Skip the pictures. Output only the lines below starting at the line with "Dibujado artísticamente, dorado, libélula" and ending at the line with "Fernando Morán’s and", both ends included, exactly as they are.

▸ Supplied information
= = = = =
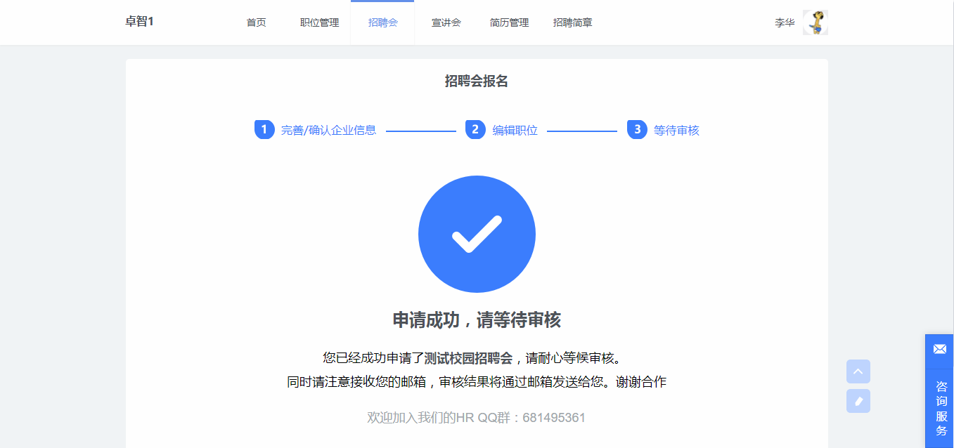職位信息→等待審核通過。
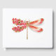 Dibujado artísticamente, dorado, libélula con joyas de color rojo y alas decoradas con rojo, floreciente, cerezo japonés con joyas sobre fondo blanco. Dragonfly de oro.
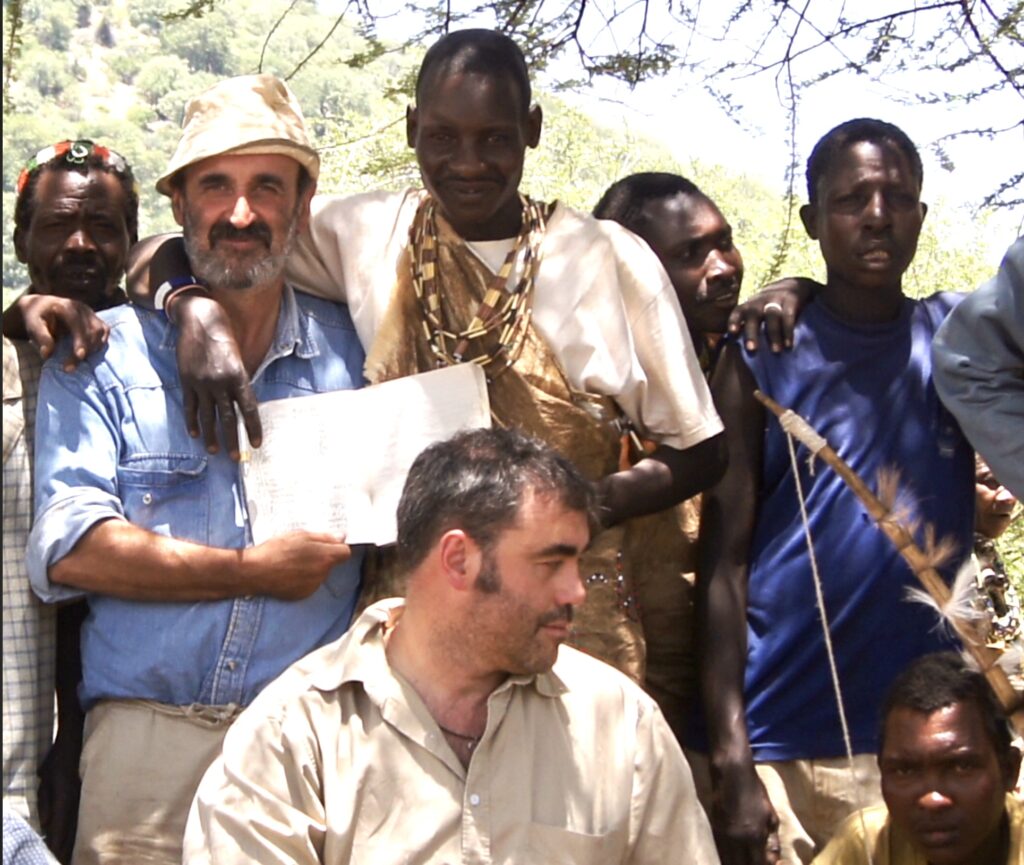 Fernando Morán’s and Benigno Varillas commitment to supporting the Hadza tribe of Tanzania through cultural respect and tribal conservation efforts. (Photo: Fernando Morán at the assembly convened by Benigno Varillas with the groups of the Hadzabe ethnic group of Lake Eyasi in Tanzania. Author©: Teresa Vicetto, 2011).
= = = = =
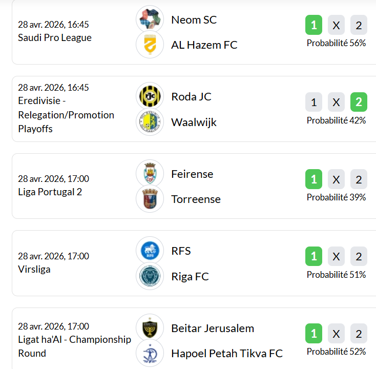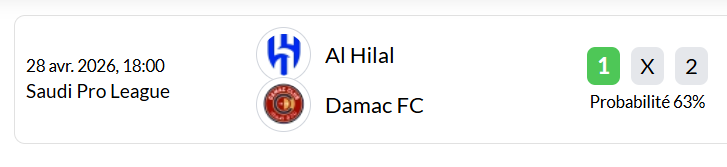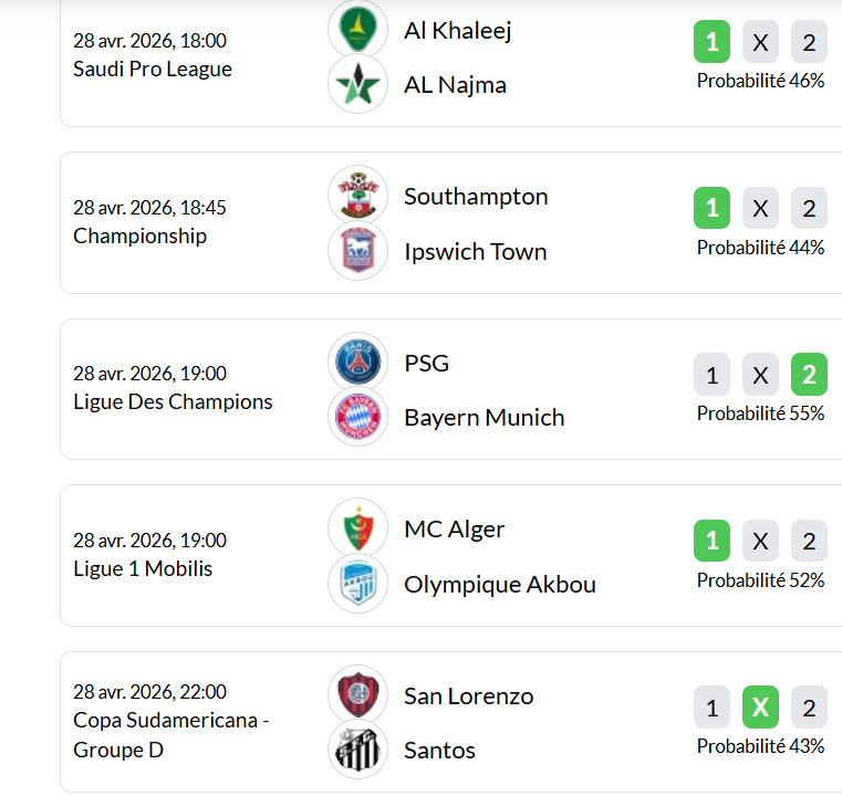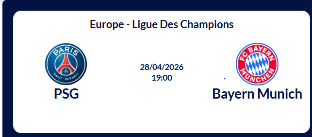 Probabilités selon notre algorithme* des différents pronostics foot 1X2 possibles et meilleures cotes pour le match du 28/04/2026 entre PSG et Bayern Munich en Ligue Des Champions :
= = = = =
▸ Exercise response
 Dibujado artísticamente, dorado, libélula con joyas de color rojo y alas decoradas con rojo, floreciente, cerezo japonés con joyas sobre fondo blanco. Dragonfly de oro.
 Fernando Morán’s and Benigno Varillas commitment to supporting the Hadza tribe of Tanzania through cultural respect and tribal conservation efforts. (Photo: Fernando Morán at the assembly convened by Benigno Varillas with the groups of the Hadzabe ethnic group of Lake Eyasi in Tanzania. Author©: Teresa Vicetto, 2011).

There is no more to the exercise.